Top five ways mobile IDs enhance privacy
21 November, 2017
category: Corporate, Digital ID, Government
Because the security built into mobile IDs allows for encrypted information and signatures that only a verified reader can access, mobile IDs enhance privacy.
“If you want to look at it in a simple way, imagine if you drop your driver’s license or ID card on the street. Someone could pick that up and read it quite easily,” explains Steve Warne, Director of Solutions Marketing in HID Global’s Citizen Identifcation business. “If it’s on your phone, you’ve probably got a pin to get into the phone, as well as other levels of protection. So if you leave your phone behind somewhere, people are not as able to straight away get your identity document.”
Related: Mobile IDs and privacy Exploring privacy concerns and privacy-enhancing opportunities |
But there are a host of other privacy-enabling features mobile IDs can deliver. Here are Warne’s top five ways that a mobile ID can actually enhance privacy:
- Only the necessary information is shared. “For example, if someone is going into a nightclub, they want to be able to prove that they are the right age to get into that nightclub. They don’t particularly want to give the guy who’s at the door their address.”
- You know who is looking at your data. “We have the capability of doing remote verification. This means that I am actually able to verify on my phone that I am sharing this data with a real police officer.”

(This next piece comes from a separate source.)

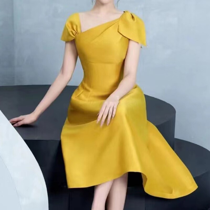 This dress is a must-have for your wardrobe. It’s a midi dress with a cotton material and short sleeves. The dress is an A-line and the color is yellow.

- Sharing of data can be voluntary. “You should always be asked to share your data before anything leaves your mobile device.”
- Sharing of information can be done offline, outside of the cloud. “Being able to share personal identifying data offline means there’s no connectivity to any other databases or any other way that the information can be stored. This ensures private data remains in the user’s control.”
- Your data is protected. “The level of technology already available on a mobile device protects your data. But with a mobile identity solution, you will have a lot more choices as to how you use your data, how you share it, and who you share it with, especially compared to a physical document where you only have one option, and that’s to hand it over.”